Я обещаю окунаться. Спрашиваю, как Василь-Василич исхитрился, что-то про гусиное сало говорили.
– Да вот, у лакея немцева вызнал, что свиным салом тот натирается, и надумал: натрусь гусиным! А гусиным уши натри – нипочем не отморозишь. Бурней свиного и оказалось. А солдат телом вытерпел, папашенька его в сторожа взял и пятеркой наградил. А Вася водочкой своей отогрелся. Господь простит… в Зоологическом саду на горах за выручкой стоит. А Ледовика чуть жива повезли. Хитрость-то на него же и оборотилась.
Приходит скорняк и читает нам, как мучили святого Пантелеймона. Только начал, а тут Василь-Василича и приносят. Начудил на горах, два дилижанса с народом опрокинул и сам на голове с горы съехал, папашенька его домой прогнали. Василь-Василича укладывают на стружки, к печке, – зазяб дорогой. Он что-то мычит, слышно только – «одо… лел…». Лицо у него малиновое. Горкин ему строго говорит: «Вася, я тебе говорю, усни!» И сразу затих, уснул.
Скорняк читает про Пантелеймона:
«И повелел гордый скиптром и троном тиран Максимьян повесить мученика на древе и строгать когтями железными, а бока опалять свещами горящими… святый же воззва ко Господу, и руки мучителей ослабели, ногти железные выпали, и свещи погасли. И повелел гордый тиран дознать про ту хитрость волшебную…»
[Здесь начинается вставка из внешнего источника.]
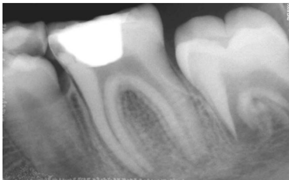
Fig. 2: 6 month follow- up showing continued root development.

По разогревшемуся лицу Горкина текут слезы. Он крестится и шепчет:
– Ах, хорошо-то как, милые… чистота-то, духовная высота какая! А тот тиран – хи-трость, говорит!..
Я смотрю на страшную картинку, где лежит с крещенской свечой «на исход души», а на пороге толпятся синие, – и кажется мне, что это отходит Горкин, похожа очень. Горкин спрашивает:
– Ты чего, испугался… глядишь-то так? Я молчу. Смутно во мне мерцает, что где-то, где-то… кроме всего, что здесь, – нашего двора, отца, Горкина, мастерской… и всего-всего, что видят мои глаза, есть еще, невидимое, которое где-то там…Но это мелькнуло и пропало. Я гляжу на сосудик с Богоявлением и думаю: откажет мне…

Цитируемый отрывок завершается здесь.